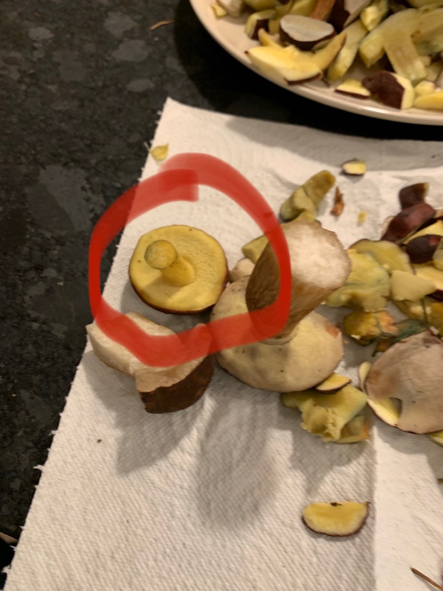 Stand im bemoosten feuchten Mischwald, fruchtkörper unterschiedliche Größen von 3-7 cm etwa, nach Querschnitt des Stils bläute dieser beim putzen auch. Die Röhren bläuten jedoch nicht nach Druck, wie bspw beim Maronen.
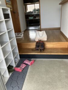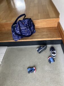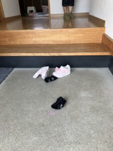 早く遊びたくて玄関に靴やカバンを放り出して入って行く姿が愛おしくて、先日思わず写真を撮りました📸
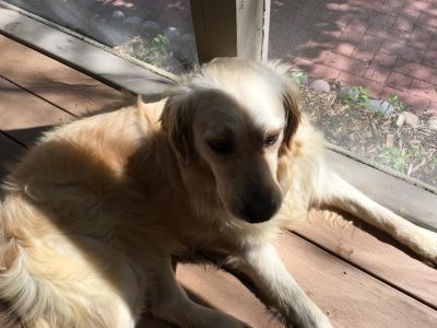 Norma Jean went to visit a home with a cat to see her response. There basically wasn't much response. She just wasn't interested in him. Always good to know. She is interested in rabbits and squirrels however. This interest has dissipated a bit though as she doesn't get quite as worked up when seeing them as she used to. We walk a lot and she does well with the Gentle Leader. She does have a habit of jumping on people at times but we are working on his. The kids we have come in contact with have been fine. Certainly no aggression. She just wants their attention. Slow introductions to kids would be best for her. She loves to be outside and now that the weather is warmer, she will just sit out on the porch and watch the world go by. It's a whole new world and life for her.
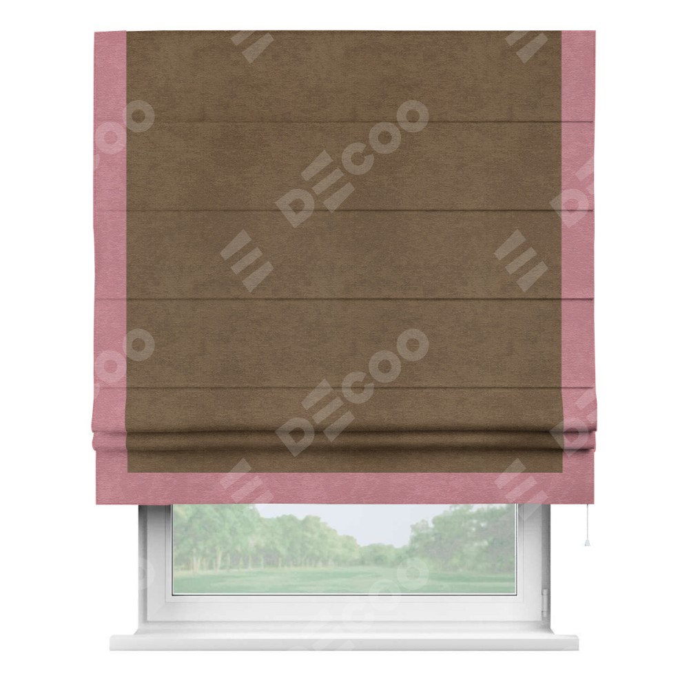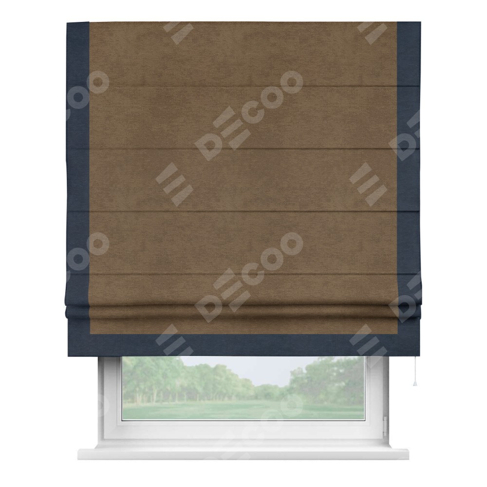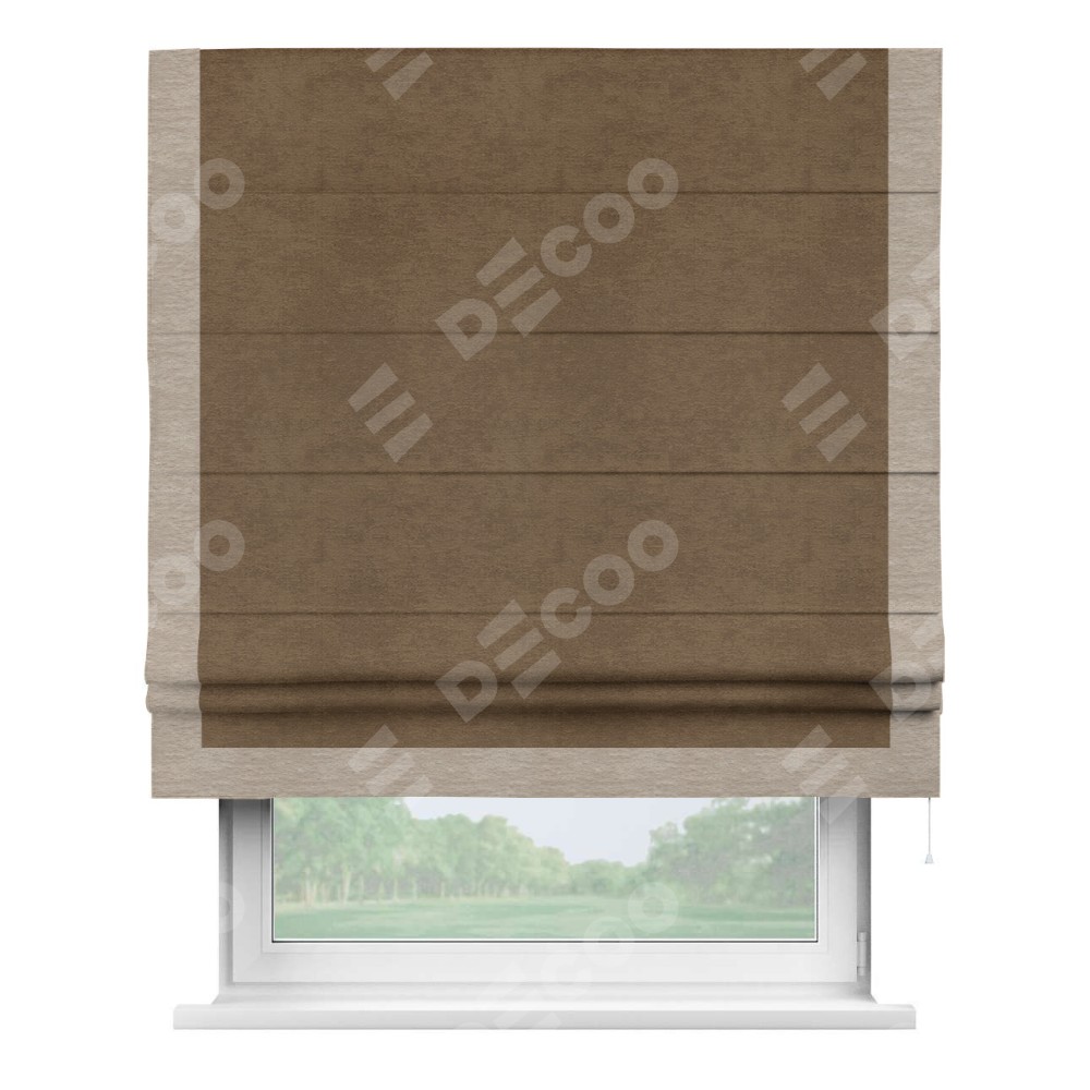 Римская штора производителя «Cortin», используется для проёма, пошита из ткани софт однотонный бронзовый, артикул 33099. Отделка шторы кантом «Виктория», ткань для канта используется из софта разной расцветки на выбор. Имеет универсальный механизм и подходит для монтажа: на потолок, на стену и в нишу.
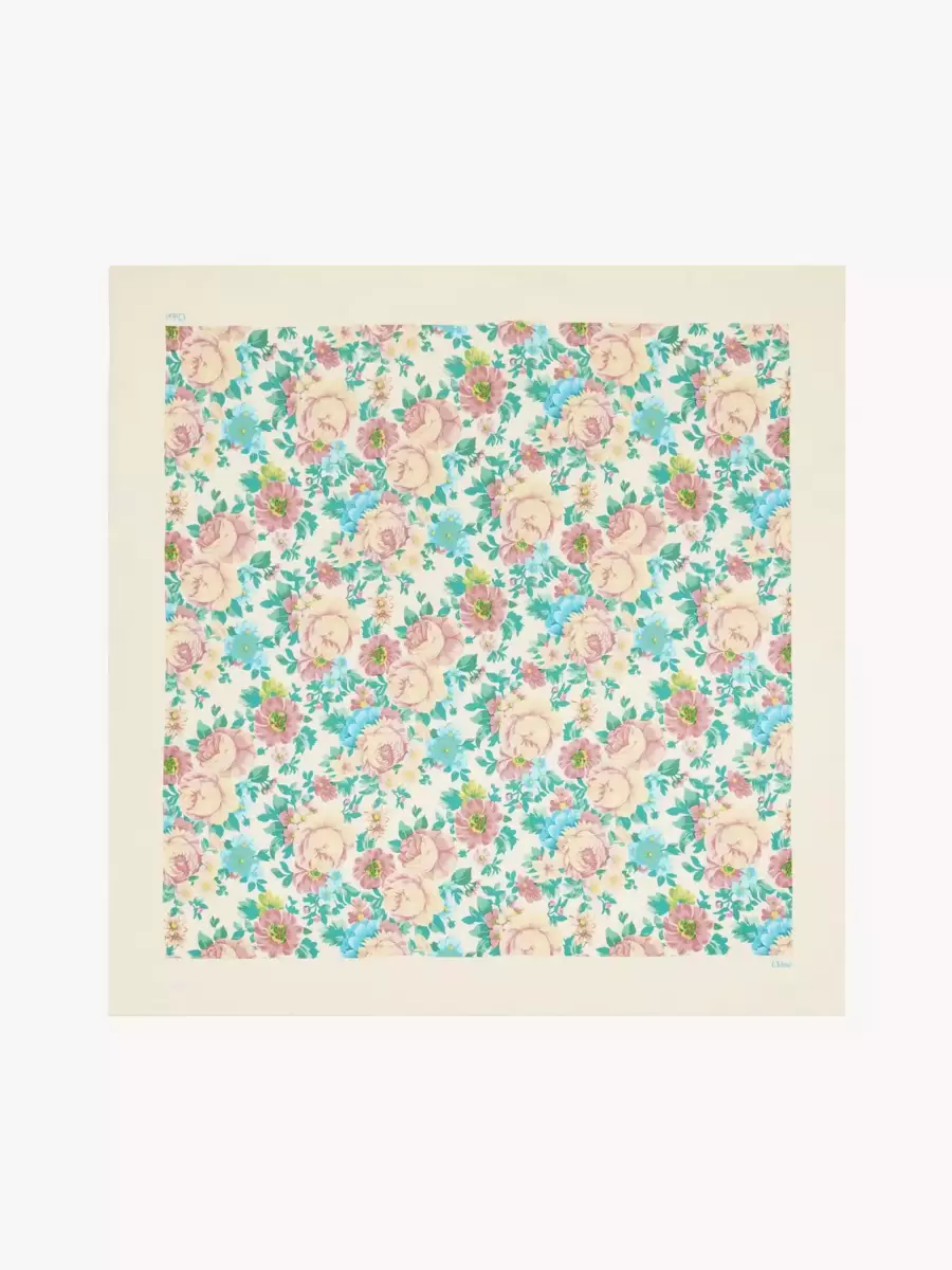 Square scarf in organic silk twill with a floral motif depicting peonies and leaves, inspired by the Maison’s heritage. The inkjet-printed scarf has a plain frame and hand-rolled edges, with a Chloé logo in two corners.
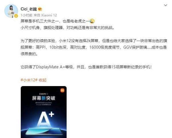小米12標(biāo)準(zhǔn)版未配備2K分辨率屏幕,產(chǎn)品經(jīng)理“老魏”回應(yīng)稱(chēng)此舉是為了優(yōu)化續(xù)航表現(xiàn),但強(qiáng)調(diào)屏幕具備10 bit色深、高對(duì)比度等特性,且成本昂貴。以下為具體分析:
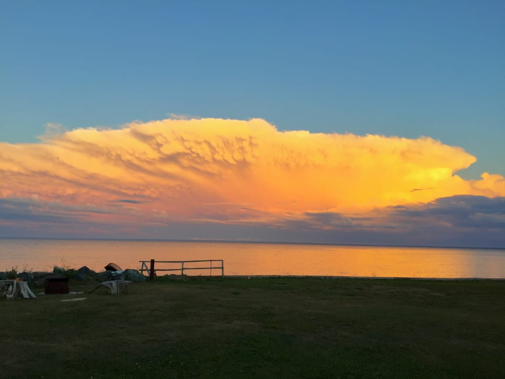 I took this picture in Petit-Rocher, on the north shore of New Brunswick Canada. On this particular evening, a huge thunderstorm was approaching. Within less than an hour, the sky became dark, things got quiet and silence filled the air. The clouds covered the sky and the height of them was breathtaking. Most of us have seen plenty of thunderstorms but they all bring their own personality.
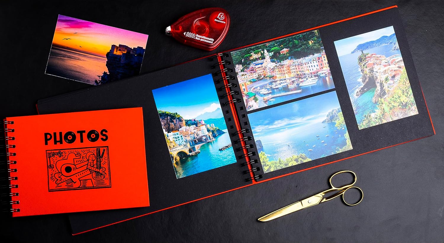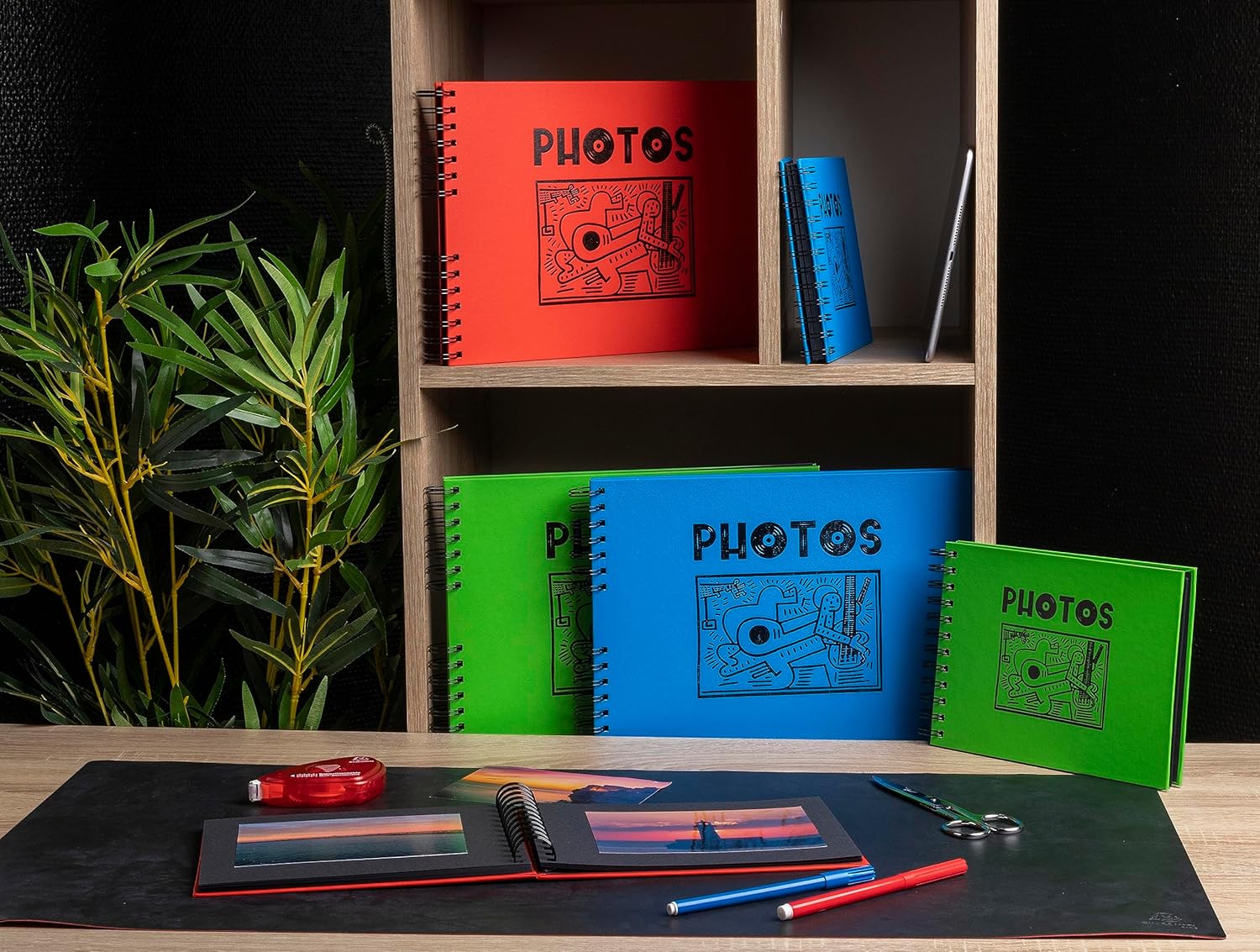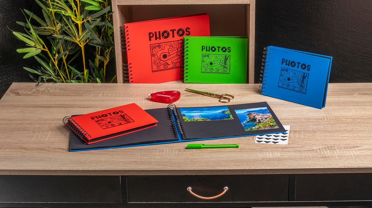 With bright colours and a black design inspired by Keith Haring's artistic universe, the Musicart range allows you to classify your photos in a decorative object. Red cover - PU effect lamination with original glossy black "PHOTOS" branding in vinyl type character. The inner pages of the album are made of a very high quality 250 g rigid black card for excellent preservation of photos. Capacity: 150 photos 10 x 15 cm, 50 black pages. Format 32 x 22 cm – Spiral Bound Album. The design of the album is created in Paris and this highly ecological product is 100% made in our factories in France

****************

**TASK DESCRIPTION**
Starting with the line that has "Римская штора производителя" and going on through the line that has "Square scarf in", transcribe the records above exactly, but skip the pictures.

**SOLUTION TO THE PROBLEM**
 Римская штора производителя «Cortin», используется для проёма, пошита из ткани софт однотонный бронзовый, артикул 33099. Отделка шторы кантом «Виктория», ткань для канта используется из софта разной расцветки на выбор. Имеет универсальный механизм и подходит для монтажа: на потолок, на стену и в нишу.
 Square scarf in organic silk twill with a floral motif depicting peonies and leaves, inspired by the Maison’s heritage. The inkjet-printed scarf has a plain frame and hand-rolled edges, with a Chloé logo in two corners.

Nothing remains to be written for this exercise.